- Episode no.: Season 7 Episode 5
- Directed by: Matt Shakman
- Written by: Dave Hill
- Cinematography by: Robert McLachlan
- Editing by: Katie Weiland
- Original air date: August 13, 2017
- Running time: 58 minutes

Guest appearances
- Jim Broadbent as Archmaester Ebrose; Richard Dormer as Beric Dondarrion; Paul Kaye as Thoros of Myr; Anton Lesser as Qyburn; James Faulkner as Randyll Tarly; Tom Hopper as Dickon Tarly; Tim McInnerny as Robett Glover; Rupert Vansittart as Yohn Royce; Richard Rycroft as Maester Wolkan; Staz Nair as Qhono; Kevin Eldon as a Goldcloak; William Nevin Wilson as Baby Sam; James Robert Wilson as Baby Sam;

Episode chronology
| ← Previous "The Spoils of War" | Next → "Beyond the Wall" |
- Game of Thrones season 7

= Eastwatch =

"Eastwatch" is the fifth episode of the seventh season of HBO's medieval fantasy television series Game of Thrones, and the 65th overall. The episode was written for television by Dave Hill and directed by Matt Shakman, and first aired on HBO on August 13, 2017.
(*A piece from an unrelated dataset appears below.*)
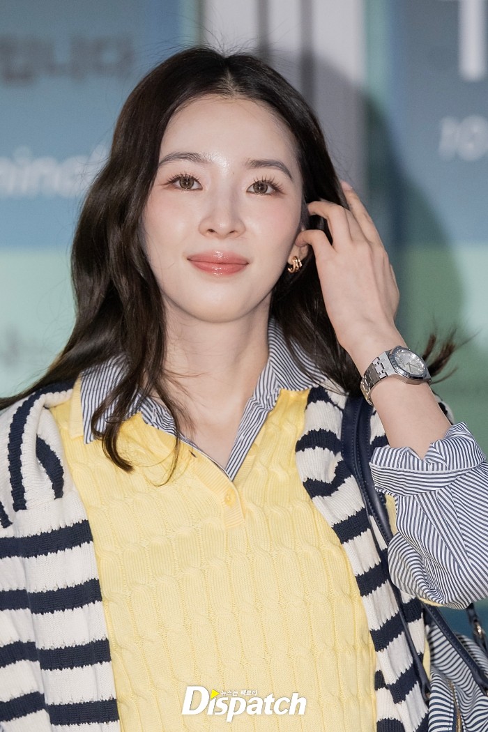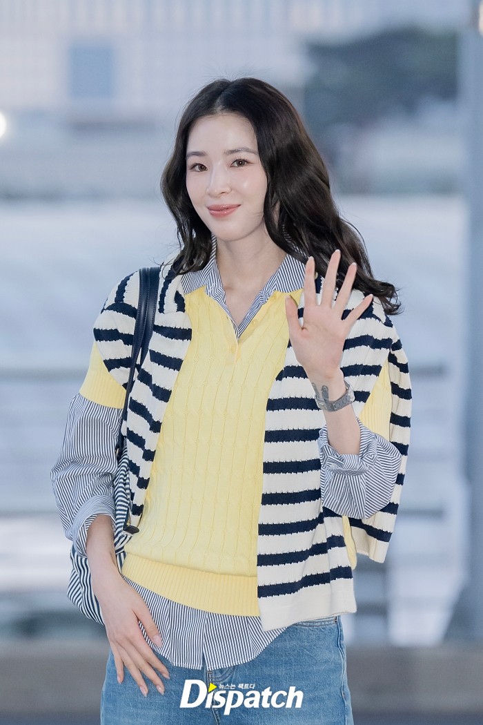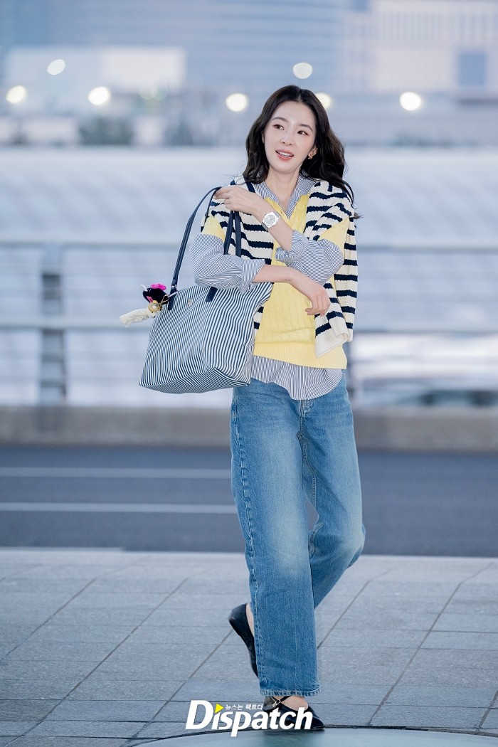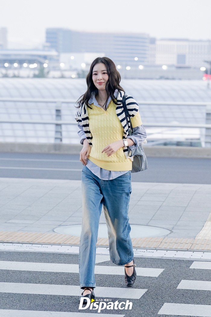 아이린은 스트라이프 패턴의 셔츠와 케이블 폴로 니트를 레이어드했다. 산뜻한 분위기가 돋보였다.

Daenerys forces the surviving soldiers to swear fealty to her, but the Tarlys refuse, and are executed. Meanwhile, Davos Seaworth retrieves Gendry, along with Jon Snow and Jorah Mormont, where they head beyond the Wall along with Tormund, The Hound, and the Brotherhood Without Banners. Arya Stark spies on Littlefinger and discovers a letter that Sansa wrote to her family, requesting their fealty to King Joffrey.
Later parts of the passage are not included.